By Dr Matt Wilkinson, 26-Sep-2007

Related topics: Preclinical Research

US researchers have published new results that indicate the metabotropic glutamate 5 receptor (mGluR5) could be a potential target for new schizophrenia therapies.

Schizophrenia is a mental illness that effects more than 24m people worldwide and causes symptoms that include hallucinations, delusions, disordered thinking, movement disorders, social withdrawal and cognitive defects.

Most current schizophrenia medications work by blocking the D2 receptors of dopamine neurotransmitters but these have shown somewhat limited efficacy in treating the negative and cognitive symptoms of the disorder leading to a need for improved therapies.

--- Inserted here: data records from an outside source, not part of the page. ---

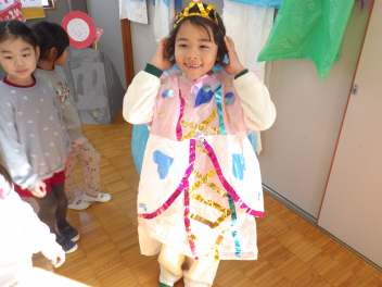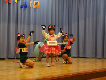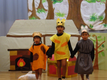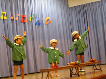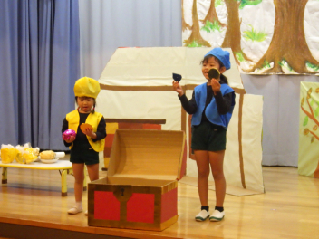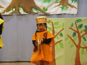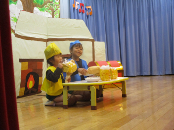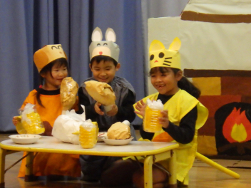 劇遊びでは、3人で「ブレーメンの音楽隊」に挑戦です。
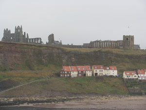 Because of the weather, we were forced to abandon much of our intended plans for the day, through we did make it to the village of Whitby, located on the eastern shore of England. “Visually dramatic, the buzzing fishing port and resort of Whitby, clings to the hills on the banks of the River Esk, its hilltop abbey ruins dramatically silhouetted against the sky. Other architectural highlights includes fine Georgian houses and humbler white fishermen’s cottages, linked by ginnels (alleys).” Whitby Abbey, sitting high on a cliff overlooking the village, was founded by St Hilda in AD 655, but was sacked by Vikings in 870. Benedictine monks rebuilt the abbey in the 11th century, but the ruins standing their today are mostly from the 13th century. These buildings were destroyed by Henry VIII and damaged further by German battleships in 1914. On the path side of the abbey’s clifftop graveyard is the cross of Caedmon, an illiterate laborer who worked at the abbey in the 7th century. He had a vision that inspired him to compose cantos of Anglo-Saxon religious verse still sung today. Sharing the windswept hillside is St Mary’s Church and its graveyard, reached by 199 steps. The two edifices provided a dramatic setting in Bram Stoker’s Gothic vampire novel Dracula (1897).
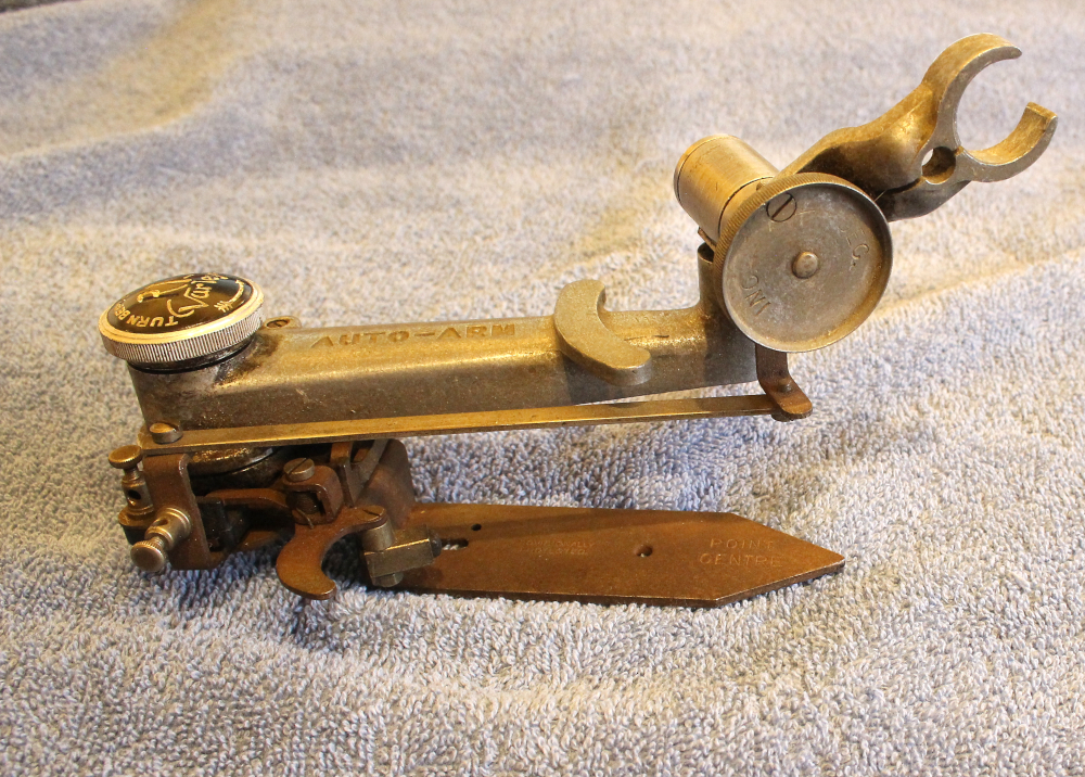 R.I.-Varley (Radio Instruments). Advertised in the Gramophone Magazine in August 1930. This stubby arm is quite clever, because it will track radially. When records are cut, the head is transported in a straight line across the master disc. Yet when we play them back, the usual pick-up arm describes an arc across the disc, causing ‘tracking error’. The head in this unit stays radial. Besides this, it has a buiilt-in automatic stop brake for the turntable, and even an isolating switch to disconnect the pickup – the two terminals, bottom left. Nevertheless, overall, it is not an attractive piece of equipment, resembling more like a mediaeval instrument of torture… 🤔)

The latest research, published in an early view article in the journal Biological Psychiatry by researchers from the University of Pittsburgh indicates that mGluR5 may be a valid target for schizophrenia therapies.

The glutamate system is the largest neurotransmitter system in the brain and is strongly linked to the pathophysiology of schizophrenia as well as epilepsy and anxiety disorder.

Abnormal function of the glutamate system in the prefrontal cortex and hippocampus regions of the brain have been previously linked to the cognitive deficits associated with the disorder.

Eli Lilly has recently published results from a Phase II clinical trial showing that its latest antipsychotic drug candidate, LY2140023, acts by targeting the metabotropic glutamate 2/3 (mGlu2/3) receptor.

The University of Pittsburgh researchers used a rat model of schizophrenia to test the efficacy of the mGluR5 activating drug CDPPD (3-cyano-N-(1,3-diphenyl-1H-pyrazol-5-yl)benzamide).

The schizophrenia model was generated by blocking the NMDA glutamate receptor, which leads to dysfunction of the glutamate system.

The researchers found that CDPPD normalises abnormalities in prefrontal cortical function in the model leading to reduction of the behavioural abnormalities observed in untreated control models.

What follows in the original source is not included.